Keep the pictures out while you transcribe the listing below exactly.

(SUPPLIED MATERIAL)

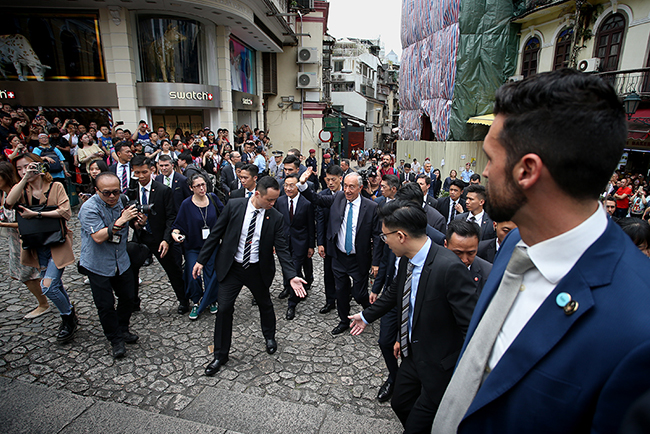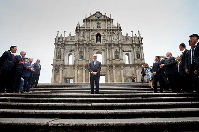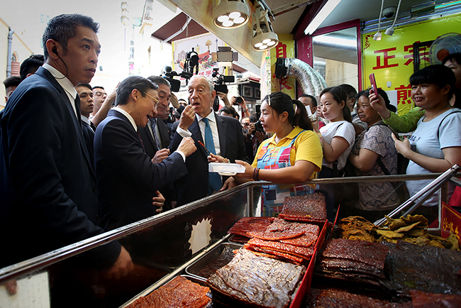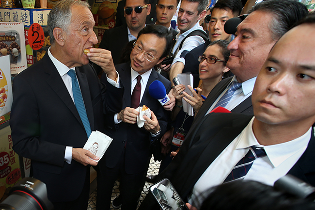Na visita foi acompanhado pelo secretário para os Assuntos Sociais e Cultura da RAEM, Alexis Tam. O Presidente português aproveitou para sublinhar a singularidade de Macau, muito devido à influência portuguesa na região.
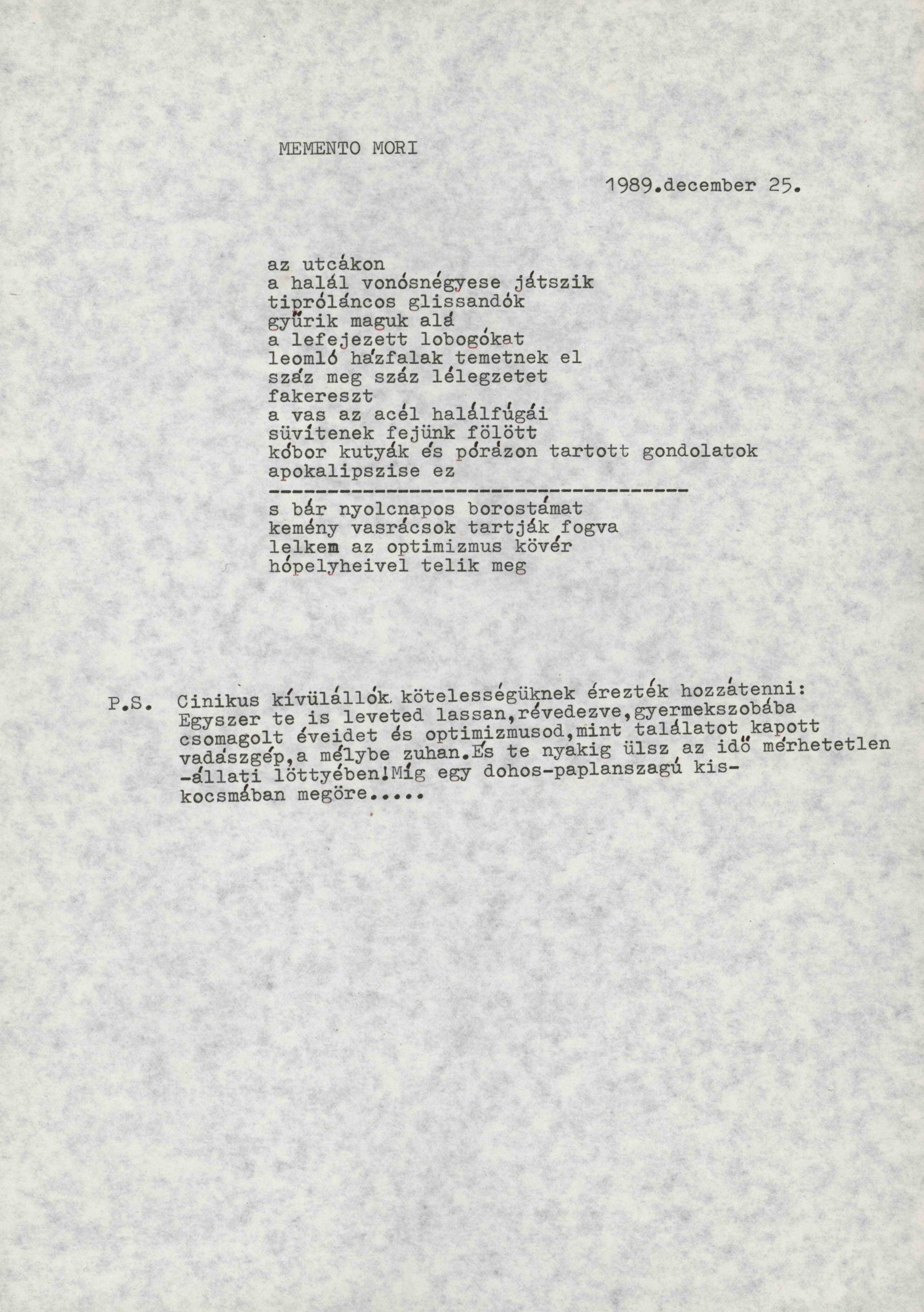Optional keywords (Europeana1989): Geolocation (spatial coverage): Time scope (temporal coverage): Description:1989. december 25-én, Marosvásárhelyen született vers géppel írt kézirata.
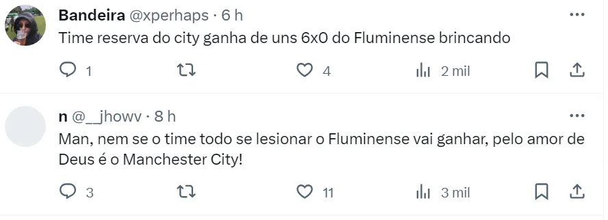 Em uma possível final, os Citizens podem encontrar o Fluminense, atual campeão da Copa Libertadores. Outra possibilidade bastante comentada é enfrentar o Al-Ittihad, da Arábia Saudita, que tem os badalados Benzema e Kanté.

(End SUPPLIED MATERIAL)

FINISHED EXERCISE
Na visita foi acompanhado pelo secretário para os Assuntos Sociais e Cultura da RAEM, Alexis Tam. O Presidente português aproveitou para sublinhar a singularidade de Macau, muito devido à influência portuguesa na região.
Optional keywords (Europeana1989): Geolocation (spatial coverage): Time scope (temporal coverage): Description:1989. december 25-én, Marosvásárhelyen született vers géppel írt kézirata.
 Em uma possível final, os Citizens podem encontrar o Fluminense, atual campeão da Copa Libertadores. Outra possibilidade bastante comentada é enfrentar o Al-Ittihad, da Arábia Saudita, que tem os badalados Benzema e Kanté.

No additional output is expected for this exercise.